Após participar da 5ª edição do Festival de Roteiro Audiovisual de Porto Alegre (FRAPA), que ocorrerá entre 4 e 7 de julho, James V. Hart virá a São Paulo exclusivamente para conversar sobre sua carreira, o papel do roteirista no cinema norte-americano e seu trabalho de adaptação de obras literárias.

O evento é uma realização da FAAP, do Cinema do Brasil (programa de exportação e promoção do cinema brasileiro no exterior), do FRAPA e da Associação Brasileira de Roteiristas (ABRA).

As inscrições para o evento – gratuito e aberto ao público – devem ser feitas com antecedência. Clique aqui.

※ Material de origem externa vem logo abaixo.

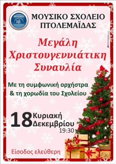 Το Μουσικό Σχολείο Πτολεμαΐδας σας προσκαλεί στην Χριστουγεννιάτικη Συναυλία που θα παρουσιάσει η Συμφωνική Ορχήστρα και Χορωδία του σχολείου, την Κυριακή 18 Δεκεμβρίου 2016 και ώρα 19:30 μ.μ., στο αμφιθέατρο του σχολείου.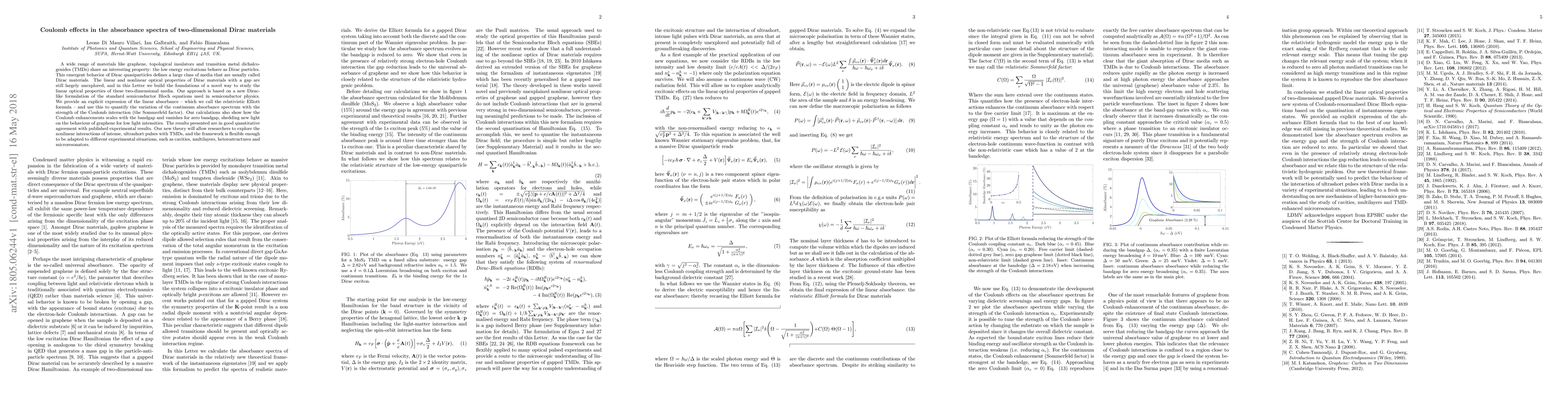 A wide range of materials like graphene, topological insulators and transition metal dichalcogenides (TMDs) share an interesting property: the low energy excitations behave as Dirac particles. This emergent behavior of Dirac quasiparticles defines a large class of media that are usually called Dirac materials. The linear and nonlinear optical properties of Dirac materials with a gap are still largely unexplored, and in this Letter we build the foundations of a novel way to study the linear optical properties of these two-dimensional media. Our approach is based on a new Dirac-like formulation of the standard semiconductor Bloch equations used in semiconductor physics. We provide an explicit expression of the linear absorbance -- which we call the relativistic Elliott formula -- and use this to quantify the variation of the continuum absorbance spectrum with the strength of the Coulomb interaction (the Sommerfeld factor). Our calculations also show how the Coulomb enhancements scales with the bandgap and vanishes for zero bandgap, shedding new light on the behaviour of graphene for low light intensities. The results presented are in good quantitative agreement with published experimental results. Our new theory will allow researchers to explore the nonlinear interactions of intense, ultrashort pulses with TMDs, and the framework is flexible enough to be adapted to different experimental situations, such as cavities, multilayers, heterostructures and microresonators.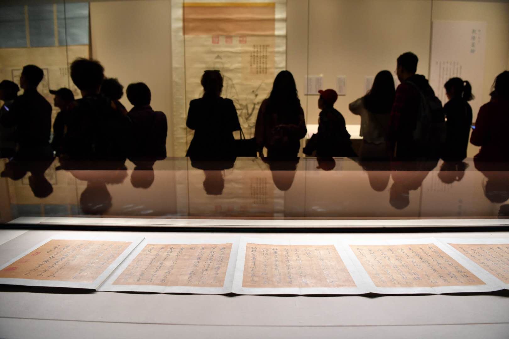 展览还展出了乾隆帝临三希文翰卷、乾隆帝临宋人西园雅集图卷、允禧盘山十六景图册、董邦达三希堂记意图轴等作品。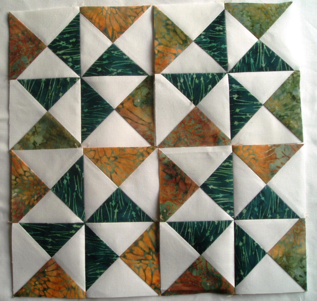 4th PIct show how "This will allow the seam allowances to ALL be pressed in a clock-wise or counter clock-wise direction, depending on the orientation of your blocks."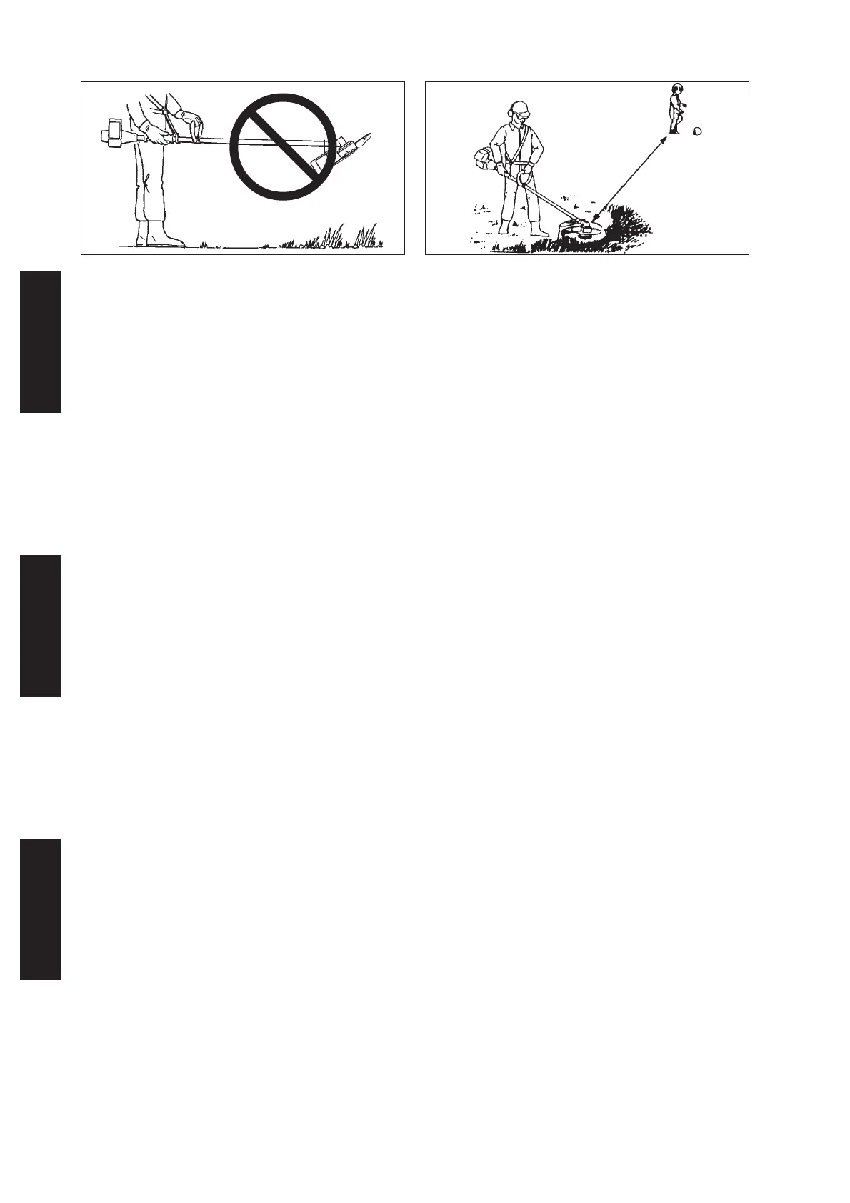 workers outside 15 m radius for brushcutters/grasstrimmers.

James V. Hart – da Literatura ao Roteiro

Data: 10/7 (segunda-feira)

Horário: das 11h às 12h30

Local: FAAP – Centro de Convenções

Endereço: Rua Alagoas, 903 – Higienópolis

Mais informações: (11) 3662-7449

Entrada gratuita – Haverá tradução consecutiva.

Sobre James V. Hart

Roteirista norte-americano, escreveu filmes que foram sucesso de público nos Estados Unidos e no mercado internacional. Além de Hook – A Volta do Capitão Gancho, baseado em uma ideia de seu filho Jake, então com apenas seis anos, e de Drácula de Bram Stocker, também escreveu Os Muppets na Ilha do Tesouro, Contato, Vivendo na Eternidade, Frankenstein de Mary Shelley, Lara Croft: Tomb Raider, O Som do Coração, Reino Escondido, a série Crossbones, entre outros.

Em 2015, no Festival de Cinema de Austin, Hart lançou o Hart Chart (https://hartchart.com/), um software para análise de roteiros que ajuda a visualizar as emoções dos personagens em suas jornadas. É um dos fundadores do Peter Pan Children’s Fund, organização filantrópica que apoia hospitais infantis e participa do conselho do Writers Guild Initiative.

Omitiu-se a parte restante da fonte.